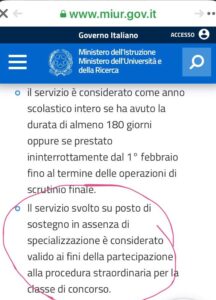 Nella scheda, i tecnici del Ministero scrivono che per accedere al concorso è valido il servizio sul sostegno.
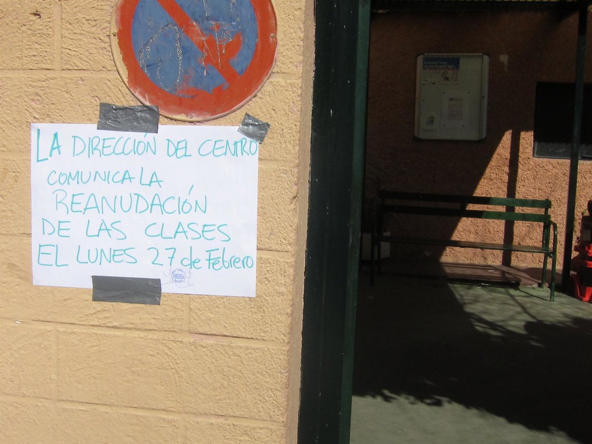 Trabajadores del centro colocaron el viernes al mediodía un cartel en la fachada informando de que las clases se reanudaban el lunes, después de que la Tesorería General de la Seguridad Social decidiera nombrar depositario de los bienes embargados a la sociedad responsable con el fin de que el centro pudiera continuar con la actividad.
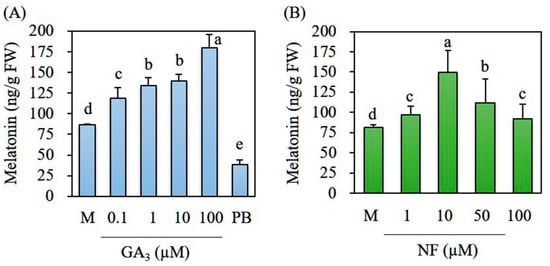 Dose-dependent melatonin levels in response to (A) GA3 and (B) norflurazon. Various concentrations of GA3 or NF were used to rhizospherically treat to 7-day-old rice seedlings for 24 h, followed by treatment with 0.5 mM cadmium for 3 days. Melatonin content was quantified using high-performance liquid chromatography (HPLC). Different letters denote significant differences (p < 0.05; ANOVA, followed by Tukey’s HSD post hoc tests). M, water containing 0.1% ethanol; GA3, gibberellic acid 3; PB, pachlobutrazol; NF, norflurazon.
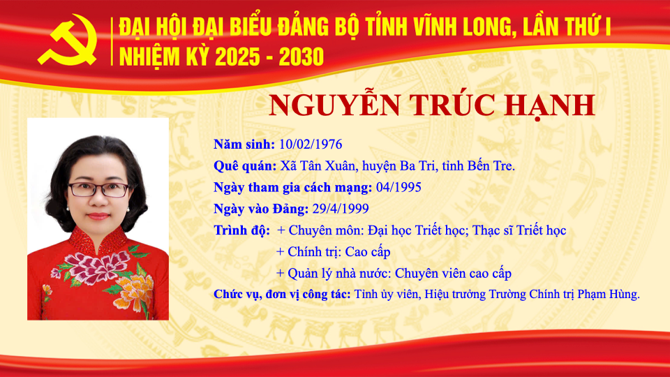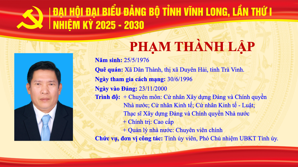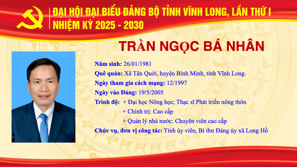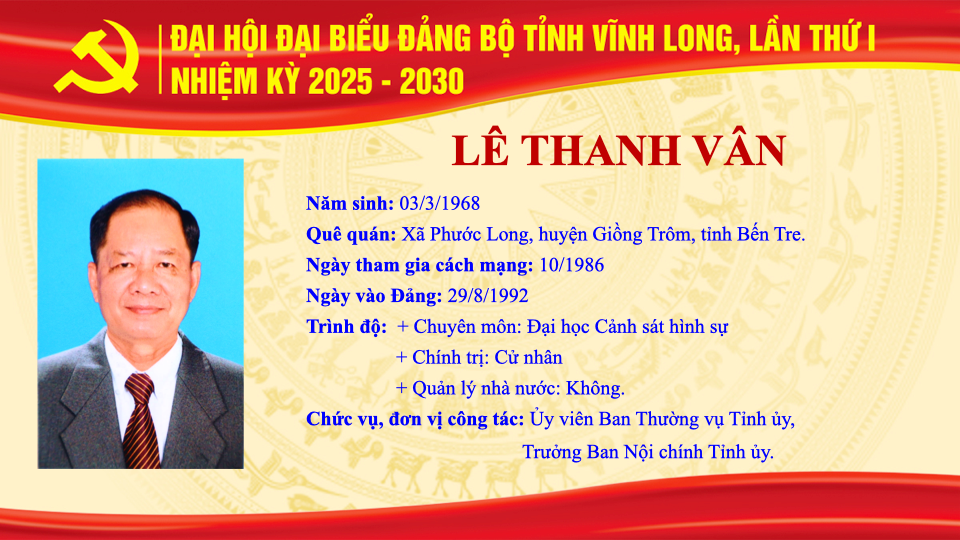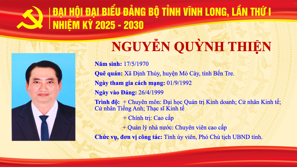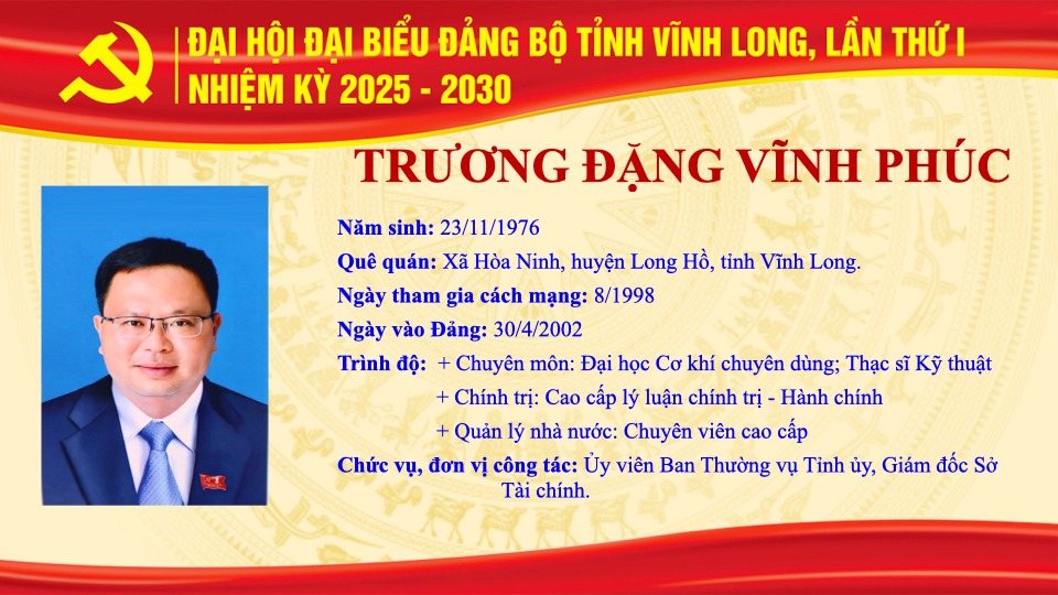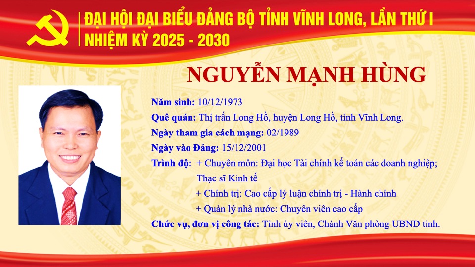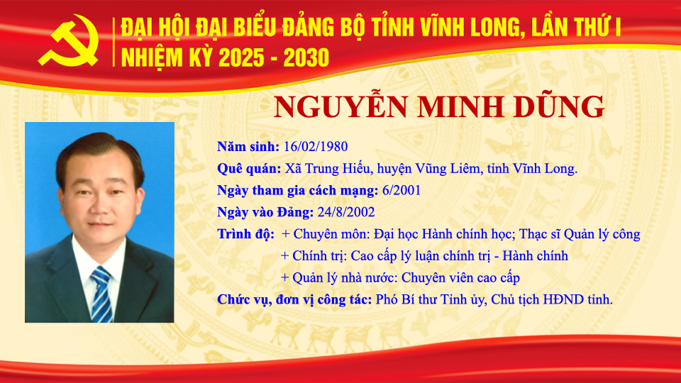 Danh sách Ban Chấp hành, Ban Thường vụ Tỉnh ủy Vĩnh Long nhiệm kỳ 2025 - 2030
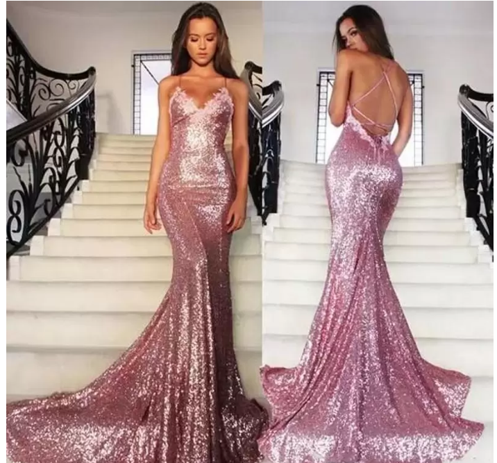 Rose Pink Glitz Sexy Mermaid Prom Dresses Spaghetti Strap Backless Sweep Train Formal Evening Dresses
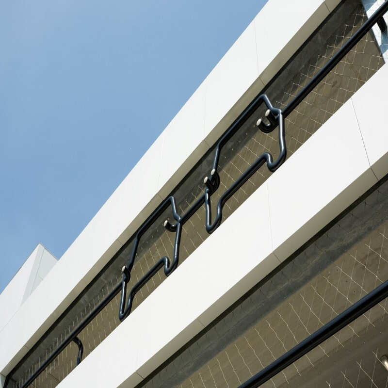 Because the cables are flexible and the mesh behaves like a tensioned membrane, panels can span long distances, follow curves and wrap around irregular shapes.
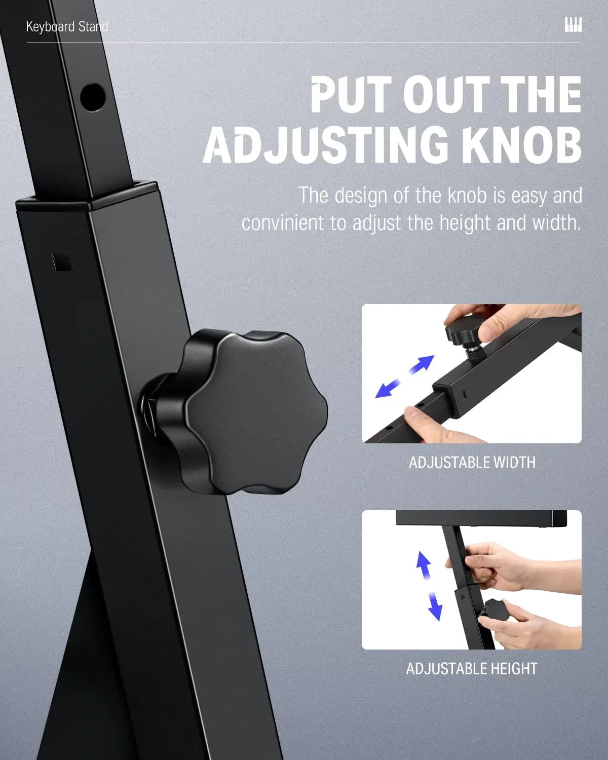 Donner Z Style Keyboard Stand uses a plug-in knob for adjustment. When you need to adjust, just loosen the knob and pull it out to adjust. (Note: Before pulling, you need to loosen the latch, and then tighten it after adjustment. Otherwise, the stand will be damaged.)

■ ASSIGNMENT ■
Leave the pictures out and reproduce every record above exactly.

■ RESULT BELOW ■
 Nella scheda, i tecnici del Ministero scrivono che per accedere al concorso è valido il servizio sul sostegno.
 Trabajadores del centro colocaron el viernes al mediodía un cartel en la fachada informando de que las clases se reanudaban el lunes, después de que la Tesorería General de la Seguridad Social decidiera nombrar depositario de los bienes embargados a la sociedad responsable con el fin de que el centro pudiera continuar con la actividad.
 Dose-dependent melatonin levels in response to (A) GA3 and (B) norflurazon. Various concentrations of GA3 or NF were used to rhizospherically treat to 7-day-old rice seedlings for 24 h, followed by treatment with 0.5 mM cadmium for 3 days. Melatonin content was quantified using high-performance liquid chromatography (HPLC). Different letters denote significant differences (p < 0.05; ANOVA, followed by Tukey’s HSD post hoc tests). M, water containing 0.1% ethanol; GA3, gibberellic acid 3; PB, pachlobutrazol; NF, norflurazon.
 Danh sách Ban Chấp hành, Ban Thường vụ Tỉnh ủy Vĩnh Long nhiệm kỳ 2025 - 2030
 Rose Pink Glitz Sexy Mermaid Prom Dresses Spaghetti Strap Backless Sweep Train Formal Evening Dresses
 Because the cables are flexible and the mesh behaves like a tensioned membrane, panels can span long distances, follow curves and wrap around irregular shapes.
 Donner Z Style Keyboard Stand uses a plug-in knob for adjustment. When you need to adjust, just loosen the knob and pull it out to adjust. (Note: Before pulling, you need to loosen the latch, and then tighten it after adjustment. Otherwise, the stand will be damaged.)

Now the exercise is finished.